The company has set a maximum tender amount of $750 million, with currently outstanding notes totaling $1.35 billion. The tender offer is scheduled to expire on April 1, 2026, unless extended. Holders who tender their notes by March 17, 2026, will be eligible for a Total Consideration of $1,031.75 per $1,000 principal amount, which includes an Early Tender Premium of $50. After this date, holders will receive only the Tender Offer Consideration of $981.75, excluding the premium.
The settlement for early tenders is expected on March 19, 2026, while the final settlement date, for notes tendered after the Early Tender Date, is projected for April 3, 2026. It is important to note that tendered notes cannot be withdrawn after the specified withdrawal date of March 17, 2026.
SM Energy reserves the right to modify or extend the maximum tender amount and emphasizes that the tender offer is not contingent on a minimum number of notes being tendered. The completion of the offer is subject to conditions including the successful completion of a new senior debt offering.
This strategic move aims to optimize the company's capital structure and strengthen its financial position amid fluctuating market conditions. Thus, investors and stakeholders alike are advised to monitor updates regarding this tender offer closely.
MWN-AI** Analysis
SM Energy’s recent announcement regarding its cash tender offer for up to $750 million of 8.375% Senior Notes due 2028 presents a strategic opportunity for investors to reassess their positions relative to the company's debt and overall market standing. The tender offer, which reflects a proactive approach to managing outstanding debt acquired through the Civitas Resources merger, emphasizes fiscal prudence in an environment where higher interest rates are increasingly common.
With a total principal amount of $1.35 billion in senior notes outstanding, this $750 million tender suggests SM Energy is not only attempting to optimize its capital structure but also potentially signaling a stronger cash flow position. The company is likely keen on lowering interest expenses associated with its debt, particularly as the interest rate environment may exert pressure on companies with high yield bonds.
Investors considering participation in this offer should note the Early Tender Premium, which incentivizes early action. The Tender Offer Consideration of approximately $981.75 per $1,000 principal amount of notes indicates an interest in providing greater value to noteholders willing to trade liquidity today for a guaranteed payout.

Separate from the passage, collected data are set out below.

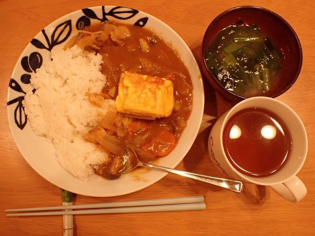 お肉を切らしていたので玉子焼きで代用.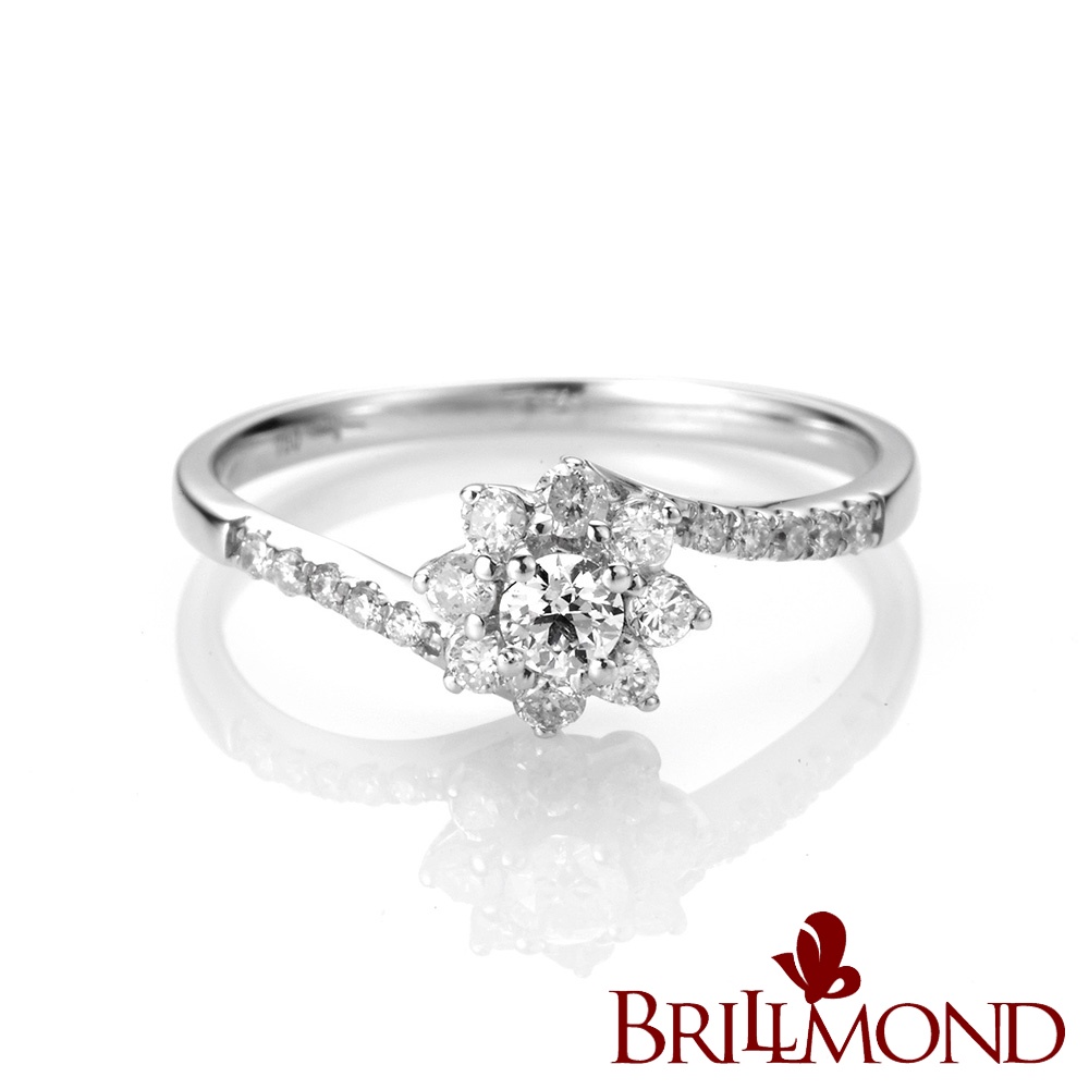 【BRILLMOND】30分 天然鑽石 白K金 花舞臻情 戒(天然鑽石總重30分)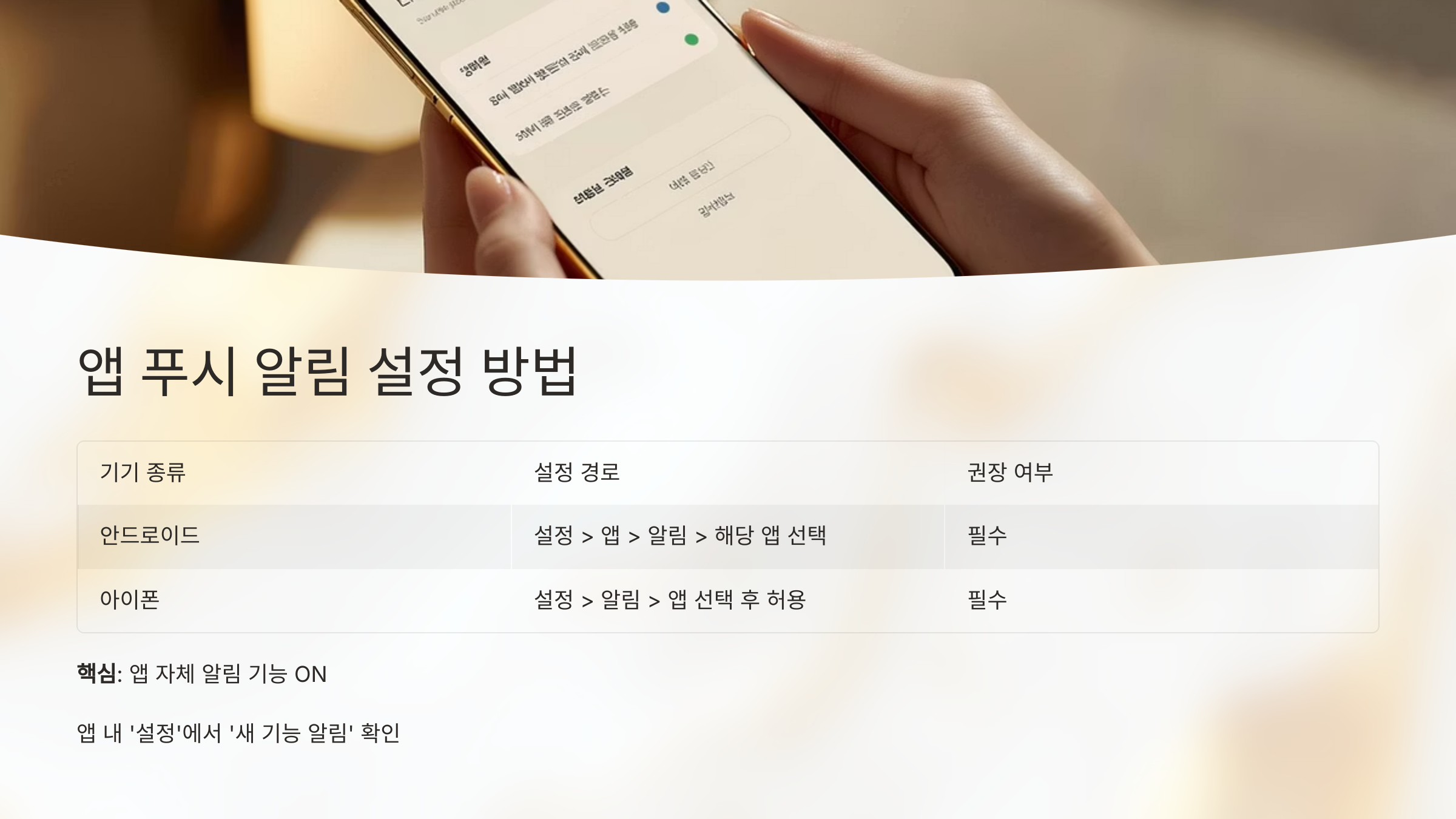| 앱 | 설정 > 알림 > 앱 알림 ON | 푸시 알림 | ★★★★★ |

It’s imperative to assess SM Energy’s operational efficiency following the merger, particularly in the competitive landscape of oil and gas. Moreover, investors should examine the company's production rates in Colorado, New Mexico, Texas, and Utah, as these will influence future cash flows and the overall financial health of SM Energy.
In conclusion, while the tender offer could be viewed as a bullish indicator of SM Energy’s financial maneuvering, investors should conduct thorough due diligence regarding market conditions and operational outcomes before altering their investment strategies. The upcoming settlement dates will be critical in determining the offer's overall effectiveness and reception by the market.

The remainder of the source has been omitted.